Gastrointestinal hormone change induced by bariatric surgery is always a hot topic. Because SADI-S and RYGB surgeries both involve gastric volume reduction and intestinal diversion, we tested ghrelin (mainly secreted by the X/A-like cells in the oxyntic glands of the stomach fundus) and GLP-1(released from the L-cells mainly distributing in the terminal ileum). Ghrelin is an orexigenic hormone and GLP-1 participates in the “ileal break” by slowing gastric emptying and intestinal motility. Ghrelin decreased and GLP-1 increased after RYGB, which was related to the success or failure of weight loss and long-term weight maintenance [23,24,25]. Our study yielded similar results, serum GLP-1 levels increased in rats and ghrelin levels decreased after RYGB during OGTT, but not in the SADI-S and S groups. This may be related to different modes of gastrointestinal reconstruction (Roux-en Y bypass and loop bypass), the pylorus preserved or not, and degree of reduction in gastric volume. Further research is needed to confirm this hypothesis, as well as investigate changes of gastric emptying and intestinal motility after surgery.

Although the exact mechanisms by which bariatric surgery drives clinical remission of T2D are not well understood, attenuation of insulin resistance and improvement of β cell function following surgery are considered to play an important role [26, 27]. Reduced caloric intake and weight loss after surgery increase insulin sensitivity, and early exposure of the distal intestinal to nutrients results in a modification of gut hormones, specifically incretins, leading to boosting of β cell function (“hindgut” hypothesis) [28]. In present study, we provided similar evidence that both SADI-S and RYGB improved insulin resistance, insulin secretion rhythms, and β cell function under OGTT. Moreover, this effect might benefit from elevated postoperative GLP-1 in the RYGB group. Previous research reported that GLP-1 evidently also increases β cell mass by promoting proliferation and neogenesis while inhibiting apoptosis [9, 29], but we did not find that the RYGB group retained more β cells by immunohistochemistry. This may be related to the dose of STZ, the rodent model, and the time of detection, so the phenomenon needs further investigation. Dutia et al. [30] showed increased insulin secretion postoperatively was only linked to the oral glucose test and not the isoglycemic intravenous glucose clamp, which implied there were no major changes in intrinsic β cell function after RYGB. We did not detect β cell mass in RYGB more than the other two groups, which might explain this phenomenon to some extent. In addition, we did not find increased GLP-1 expression in the SADI-S group either, which seems to be inconsistent with the hindgut hypothesis, so changes in gut-derived hormone after SADI-S warrant future investigation.

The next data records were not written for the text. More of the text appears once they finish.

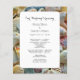 Small beach wedding ceremony programs. Pretty beach shells cover the edge and entire back of this easy to use template. Add your own text for a marriage by the sea.
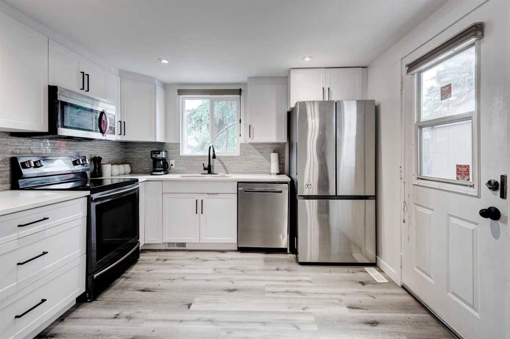 Situated on a beautiful tree-lined street in the highly sought-after inner-city neighborhood of Capitol Hill, this classic two-story home offers a perfect blend of charm and modern updates. Featuring a sunny south-facing backyard and extensive renovations, this 3-bedroom, 3-bathroom home is ideal for a young family or couple. You’re welcomed by lovely landscaping and a charming front porch that leads into a bright, spacious living room with large windows, built-in shelving, and a cozy fireplace. The brand-new kitchen boasts stainless steel appliances, quartz countertops, and all-new cabinetry, flowing into a sunlit dining area with south-facing windows. A rear door opens to a sunny deck and a low-maintenance backyard, leading to an oversized, heated, and insulated double garage with plenty of storage. Upstairs, the large primary bedroom features a beautifully renovated 3-piece ensuite with a glass tile shower and a quaint sunroom—ideal as a home office or reading nook. Two more bedrooms and a 4-piece bath complete the upper level. The fully finished basement includes a spacious rec room, laundry area, and generous storage. Renovations include all new paint, flooring, bathroom vanities, a completely new kitchen, basement development, and updated landscaping, to name only the highlights (2025). Additional upgrades include a new roof (2024), high-efficiency furnace (2016), and hot water tank (2021). With close proximity to schools, SAIT, U of C, North Hill shopping, Confederation Park, and just minutes to downtown, this home offers incredible value in one of Calgary’s premier neighborhoods.
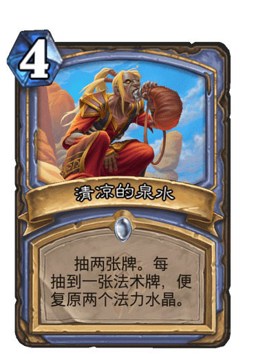 不过与以往的真菌宝藏类似的是,这张牌也可以在随从占比较少的卡组中发挥作用,不过随着各种冰系法术和哀绿都离开标准环境,另一个非常适合它发挥的卡组决斗法也会不复存在。而奥秘法的法术与随从占比是大致相当的,那么清凉的泉水相当于平均2费抽2,而由于4费抽2可能导致的崩盘,因而我也不太看好它进入奥秘法的构筑中。
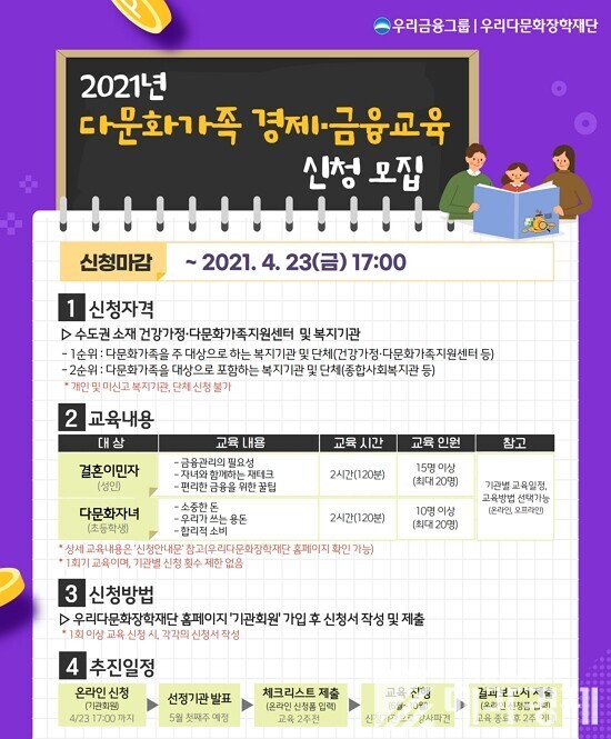 우리금융지주 우리다문화장학재단(이사장 손태승)은 ‘2021년 다문화가족 경제.금융교육’에 참여할 다문화가족 지원기관을 모집한다고 18일 밝혔다.

Our study does have a few limitations. First, dumping syndrome is a more dangerous complication after RYGB. In theory, SADI-S retains the pyloric and will effectively prevent this complication. Second, gastrointestinal hormones changed after bariatric surgery involve appetite, gastric emptying, and bowel motility. However, due to the limitations of animal models and experimental equipment, comparisons of the above items were not reflected in this study. Further research is needed in the future to address these issues. At last, because of the different species, animal experimental research does not equal clinical research, so more clinical controlled studies are needed to identify the total effects and safety of the SADI-S.

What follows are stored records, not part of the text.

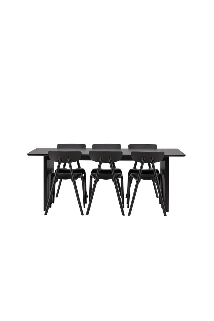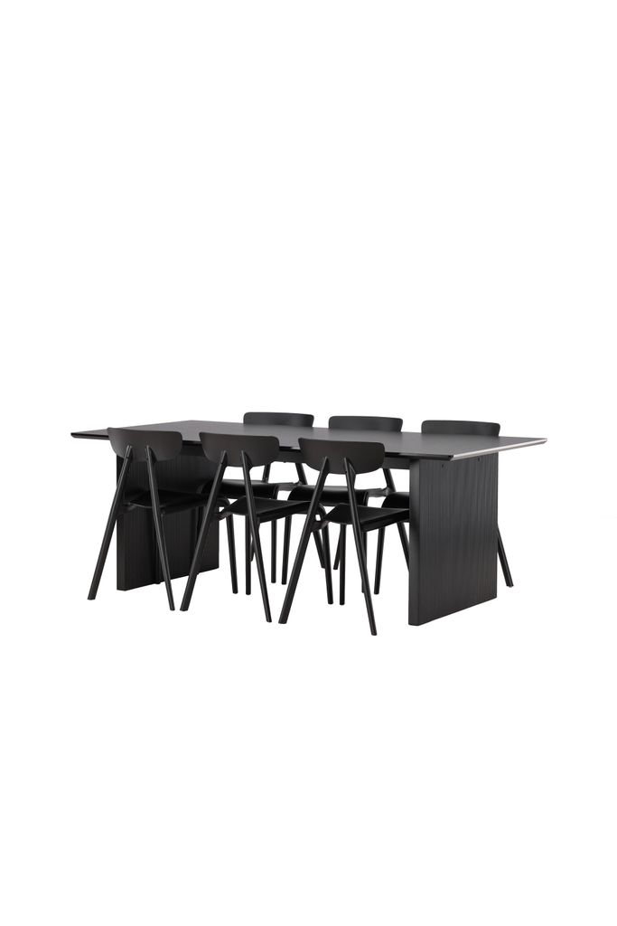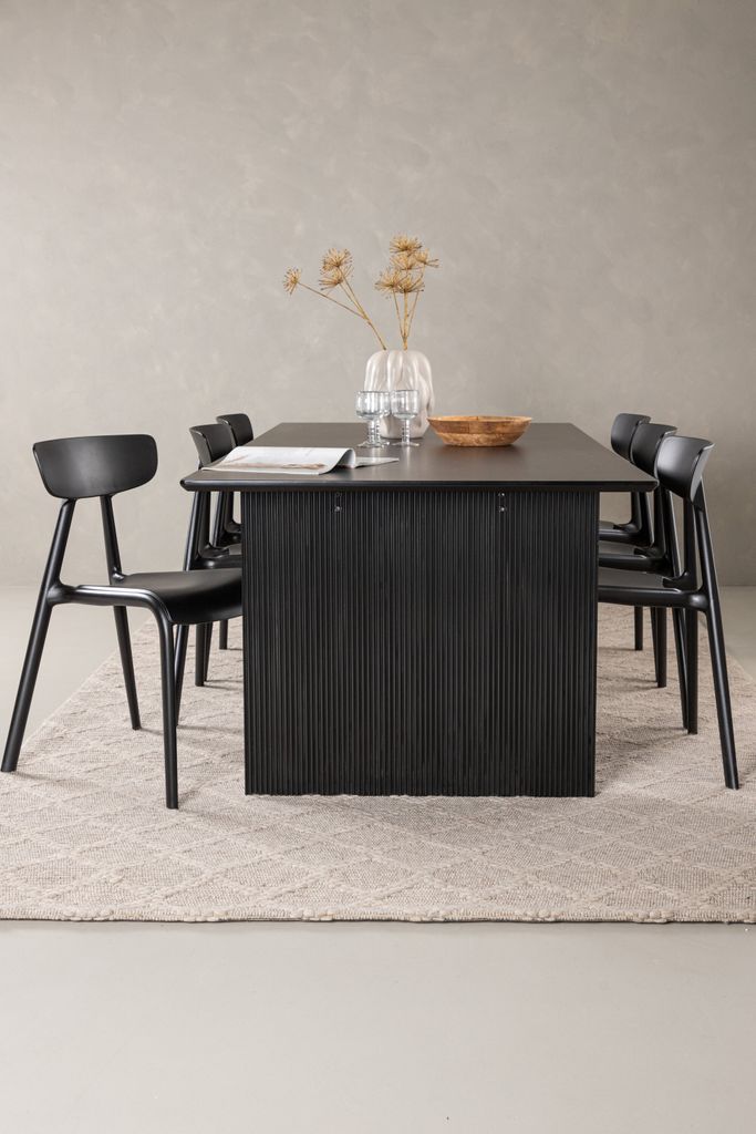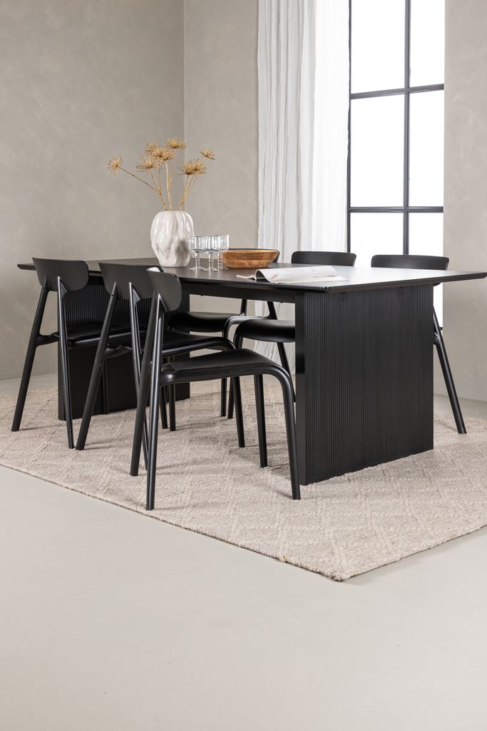 Elegant och modern matgrupp i svart MDF med stilrena stolar i skandinavisk design. Perfekt för en tidlös inredning.
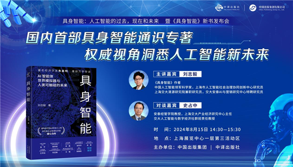 中国出版传媒商报讯 8月15日,由上海书展、中国出版集团中译出版社共同主办的“具身智能:人工智能的过去,现在和未来”暨《具身智能》新书发布会在上海展览中心一层第三活动区举办。中译出版社社长乔卫兵,该书作者刘志毅,上海交通大学安泰经管学院教授、产业经济研究中心主任、数字经济社群班责任教授史占中亲临发布会现场。
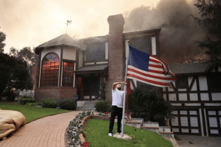 ▲美國加州阿爾塔迪納,在伊頓大火中,一名男子在燃燒的堂兄家外降下一面旗幟。路透社
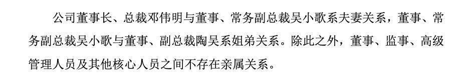 目前,邓伟明担任公司执行董事、董事长兼总裁,邓伟明儿子邓竞担任执行董事,吴小歌弟弟陶吴担任执行董事兼资深副总裁。
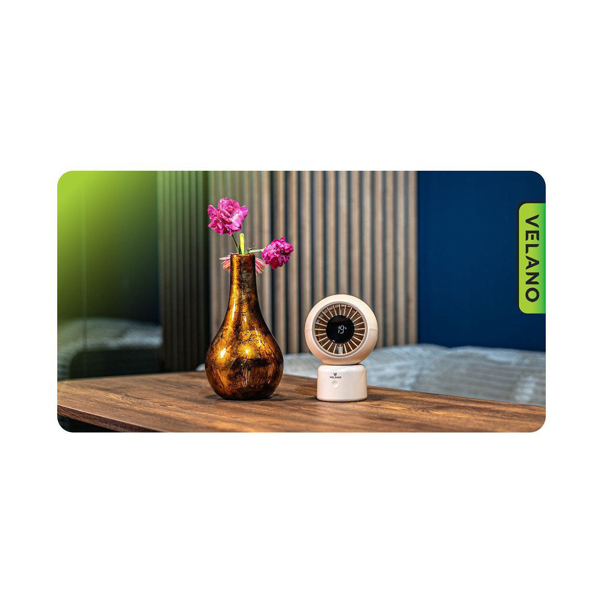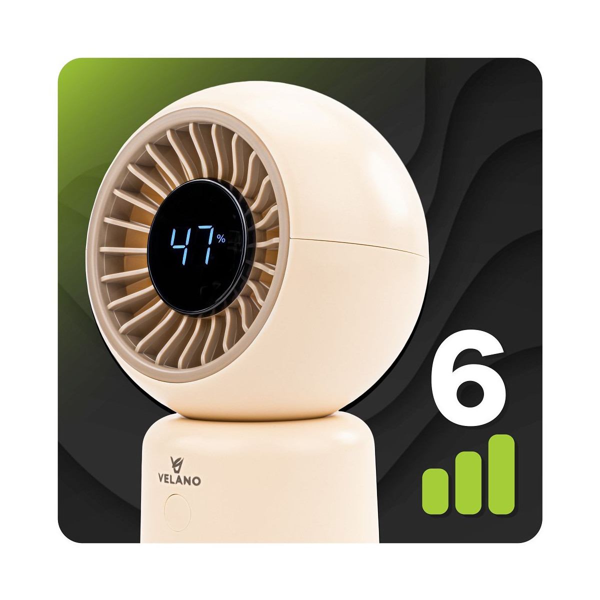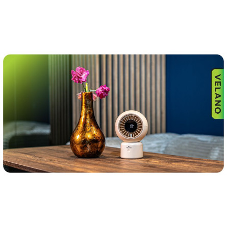 Kompaktný stolový ventilátor s výkonnou batériou, 6 rýchlosťami, osciláciou a USB-C nabíjaním. Tichý chod, moderný dizajn a mobilita bez obmedzení.

In conclusion, we have found in the present study that, without excessive weight loss, SADI-S and RYGB achieved almost equal efficacy at caloric restriction and diabetes control in mildly obese diabetic rats through overlapping and distinct mechanisms. Future research needs to address related mechanisms, such as how to prevent excessive weight loss and the effects of different digestive tract reconstruction methods on β cell function after bariatric surgery in mildly obese diabetic rats.